Mirage (Mirage #1)(55)
“Ghazlan is our immediate problem. Though the whole of the Eastern Reach is brewing with dissent.” The woman who spoke was called Kora. Maram didn’t know her well; she was normally stationed at another planetary outpost.
Isidor gestured for her to continue. Kora’s hands moved quickly over her workstation and the image of the Eastern Reach faded and was replaced with a holoreel. Ghazlan’s stone towers were stark against the ocean just behind them. Smoke plumed up into the air, curling its way around the pale blue of the Vathek flags flying from the towers. I held my breath as a small figure climbed quickly up the side of the tower, an assault rifle strapped across his back. There was no sound but I could imagine the screaming—raucous and loud—in the streets below him as he tore the Vathek flag down.

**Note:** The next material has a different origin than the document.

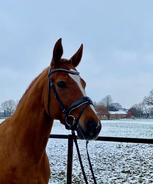 Rachel ist eine im Jahr 2019 geborene Hannoveraner-Prämienstute mit einem sehr lieben und unkomplizierten Charakter. Ein ideales Pferd für die/den ambitionierte(n) ReiterIn, auch für Jugendliche/junge ReiterInnen, da sie im Umgang (von einer Person zu verladen, nett zu anderen Pferden, kuschelt gerne, etc.), wunderbar ist und zudem unter dem Sattel über viel Potenzial verfügt. Sie ist im letzten Jahr bereits Dressurpferde M platziert gewesen und ist nun auf dem Weg in Richtung S. Ihre Röntgenbilder liegen vor und wurden vom Tierarzt als gut eingestuft. Wir sind ein alteingesessener Züchterbetrieb und haben auch noch andere Pferde mit verschiedenen Ausbildungsständen zu verkaufen. Bei Interesse melden Sie sich gerne!
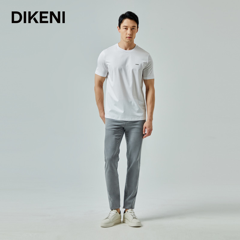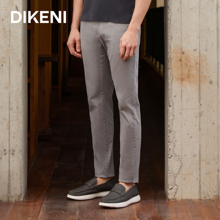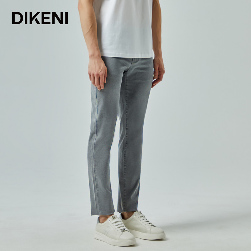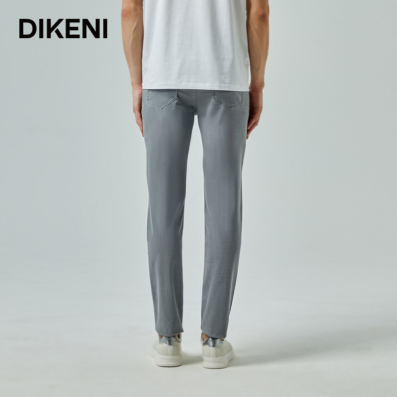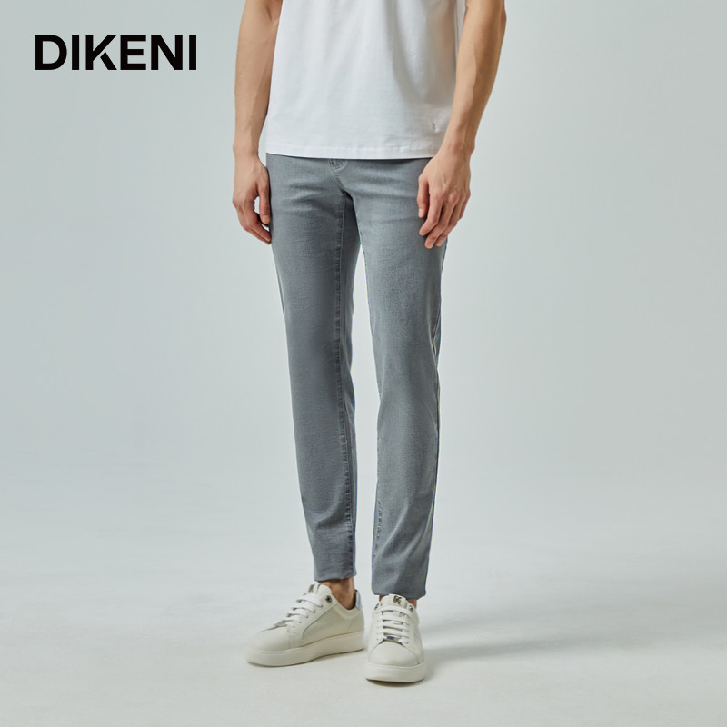 迪柯尼浅灰时尚棉弹牛仔裤新品男士舒适宽松直筒百搭小灰牛

The old Andalaan flag, before the occupation, had been white, with a green crescent moon pointing up, and a spray of stars rising up like a fountain from between its two points. White for prosperity and longevity. Green for rebirth and growth. This was not the flag the rebel hoisted onto the tower.
Since the occupation, the flag had been replaced by the Vathek one, and the rebellion had refashioned themselves a new flag. A green full moon with the silhouette of a bird streaking halfway across its surface against a red field.
Green for rebirth and growth. Red for blood. Our blood.
No one had flown the rebel flag since the Purge, almost a decade ago. The bloodshed that followed their surrender was catastrophic, and most of us believed that it was over. There was no resistance to be had against our new masters. Cruel as they were, as hard as life was, they’d won. Gooseflesh rose on my arms as the image of the flag became clearer, as Kushaila letters formed just below it.
The ocean wind picked it up, straightening the fabric so that everyone below could see it. Beneath the full moon in green was Kushaila script.
The blood never dies.
The blood never forgets.
The same part of me that froze when long misshapen shadows appeared in the fields, when I heard the whiz of Vathek fighters in the air, screamed at me now. I had agreed to spy for the rebellion, but while they celebrated their first victory, the Vath were here, plotting their undoing.
How could they—how could we—survive such a thing?
“So far they’ve managed to take Ghazlan and Sidi Walid, a city on a major trade route, and a collection of estates with acres of verdant farmland.” The hair on the back of my neck stood up. Sidi Walid was a holy city. The first Dihyan temple was built there and it was the last place Massinia was seen.
“They’re peasants,” Galene spoke for the first time, her voice dripping with disdain. “How is this possible?”
“They’re clever,” Kora sighed. “They never hit a place with a large Vathek presence. And it’s two cities, hardly the rebellion we’re worried about.”
“If we don’t crush it…” Isidor started.
“Yes,” Kora agreed. “For now it’s contained to this region. But if they get hold of the entire region? It will become a bigger problem.”
“Why was it not crushed from the start?” Galene insisted once more.
I still hadn’t moved. In fact, I feared to breathe lest I give myself away. They were right; it was only three cities. But no one had succeeded in taking anything back from the Vath in more than twenty years. What they took, they kept.
“We are stretched thin,” Isidor said. “Andala requires a heavier military presence than we anticipated. Between that and the losses we suffered during the second siege…”
“The siege is eight years past now,” the minister of finance said, frowning. “It’s high time we repair the holes in our military.”
“With what? We have neglected the infrastructure of this planet in favor of quashing dissent. And Luna-Vaxor does not have the resources to build us back up. Not in the numbers we need.”
Isidor raised a hand, forestalling the minister. “How long would it take to get the resources we need in place?”
“With droids, and assuming no sabotage? The mines would take six months, the factories three or four. To replace what we lost in the war, a year perhaps. But that doesn’t account for the bodies we will need to man our ships.”
A chill spread through me as they spoke. Was this how our fates were decided? By cold High Vathek directors who were not interested in the planet itself but the resources we might yield? They had said nothing of this world, or Gibra, or even the whispers of Massinia’s rebirth. The rebels would become more than a problem for the Vath, that much was clear. And yet they skirted the issue, as if to speak of it would give it power.
The ministers continued to quibble among one another, citing cost and loss of Vathek life for and against campaigns in reclaiming the Eastern Reach.
“Bomb the coastal cities,” a voice said. It cut through the rising tide of argument as clean as a sharp knife, and as one our heads swung toward the source.
Mathis, king of all, sat at the far end of the table, his broad form leaning back as languid as a lion. None of us had seen or heard him walk into the meeting room, so absorbed had we been in the arguments. Not for the first time, I thought of the story Maram had told me. Mathis had committed patricide to secure his throne; he’d done worse to secure this system.
I was not a child, I knew that the very beautiful could hide evil. But Mathis’s strength, his menace, seemed to radiate from him. He cast a long shadow, frigid and dark; it seemed as though I could feel the chill of it all the way down the table. Even Galene seemed to pale just a little in her father’s presence.